As a veteran of the United States Army, I distinctly remember the words of our Drill Instructor at the rifle range as we were learning about our assigned weapons, which at the time, was an M-16 rifle, a military version of the AR-15.
The sergeant, speaking plainly and bluntly, told us that this weapon was designed with a singular purpose: to kill people.
As a soldier sworn to defend our nation, my access to that weapon was much more limited than the average non-military person has today, as evidenced by last week's horrific shooting in a Florida High School.
According to police, a legally purchased AR-15 by a 19-year-old was used with a singular purpose: kill as many high school students as possible in as short of period time as possible.
In typical fashion, those who have an ability to stop these types of tragedies didn't call for reasonable discussion or debate, they didn't demand immediate action, no instead they once again sent empty thoughts and prayers.
How many of our children must die before we as a country do something about our uniquely American penchant to ignore the obvious when it comes to these mass murder shootings.
I see and hear all the arguments. Cars kill more people than guns, but we don't ban the manufacturing of cars. No, but we do limit the speed at which we can legally drive them. We mandate that airbags be installed. We do everything possible to make them as safe as possible.
In the 50's, when one in every one-millionth child was dying in refrigerators they couldn't get out of, we passed the refrigerator safety act to change how refrigerator doors were closed.

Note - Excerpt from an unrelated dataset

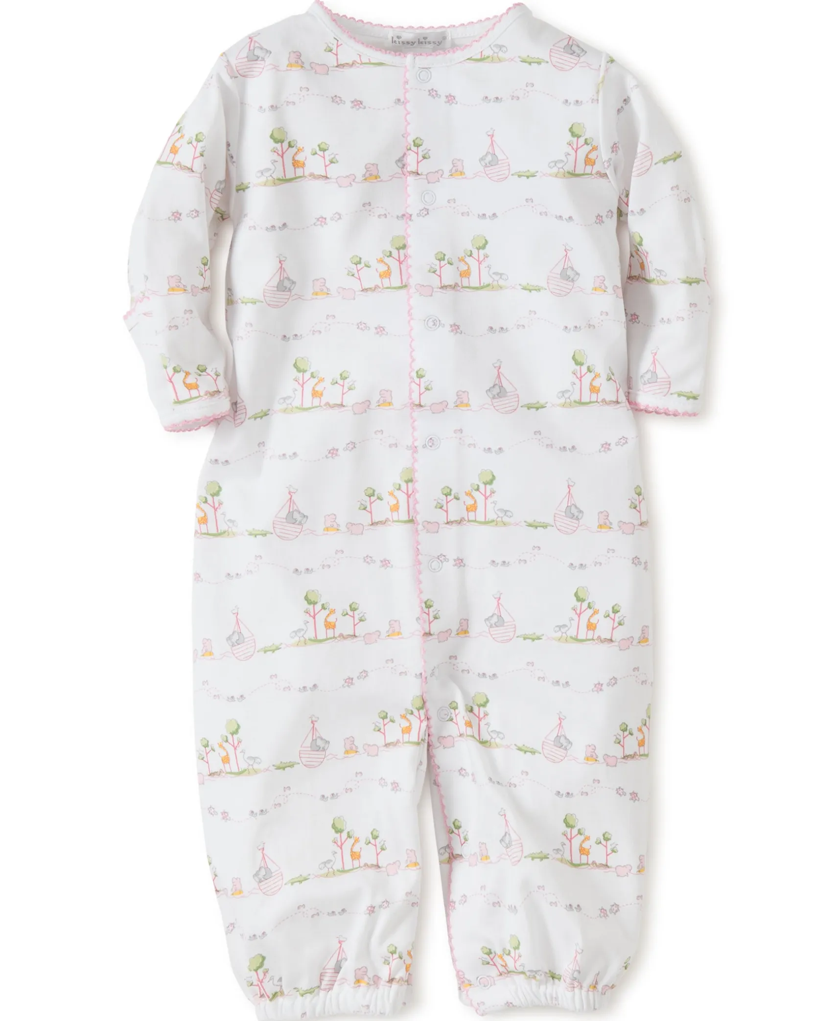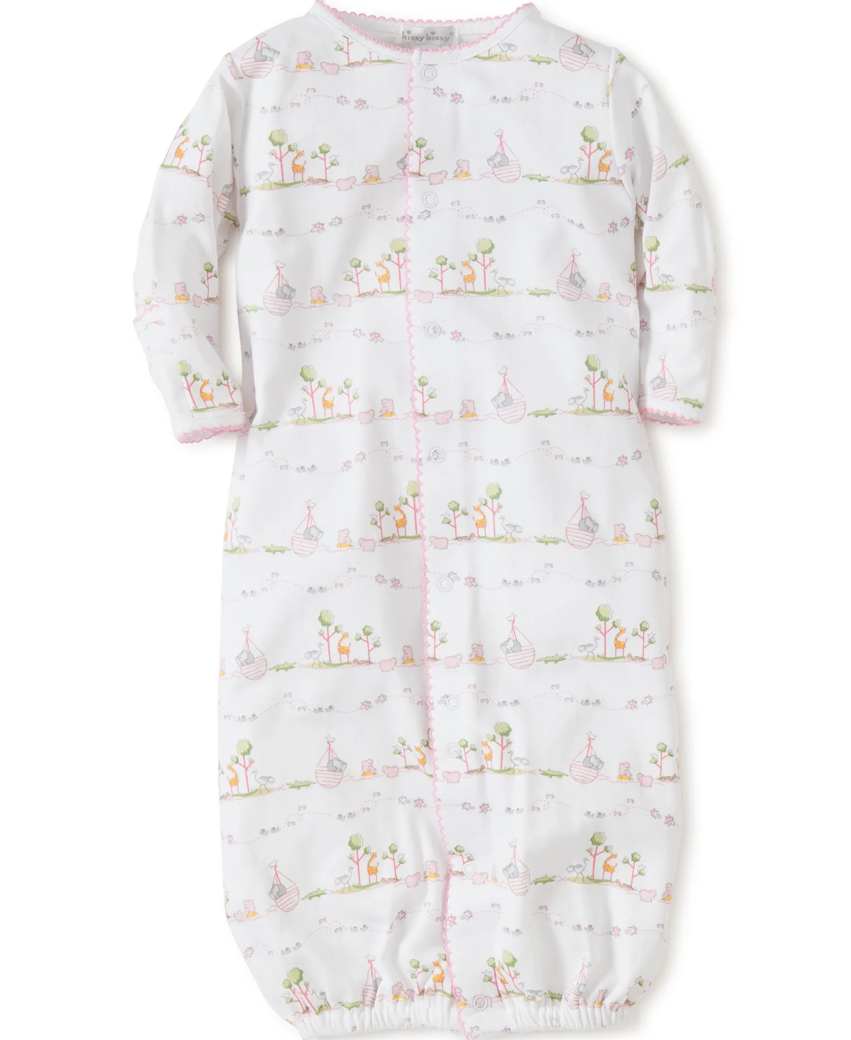 - Noah’s adorable animal friends pattern this cozy gown for your baby girl. Snaps on legs allow for easy conversion to playsuit. Made from the softest Pima cotton for ultimate comfort.

In 1982 after seven people died from poisoned pain reliever, we mandated tamper-resistant packaging.
We've banned lawn darts and require glow in the dark safety releases in trunks.
Yet in the past six years starting with Sandy Hook, 138 of children have been killed in school shootings and our leadership continues to ignore the issue.
Consider this: The time for thoughts and prayers has passed and so has the time of partisan bickering, which continues to jeopardize our children's future.
It is time to come up with a sensible policy change that will keep us safe without violating our rights in a free society.
History is watching and so are our children.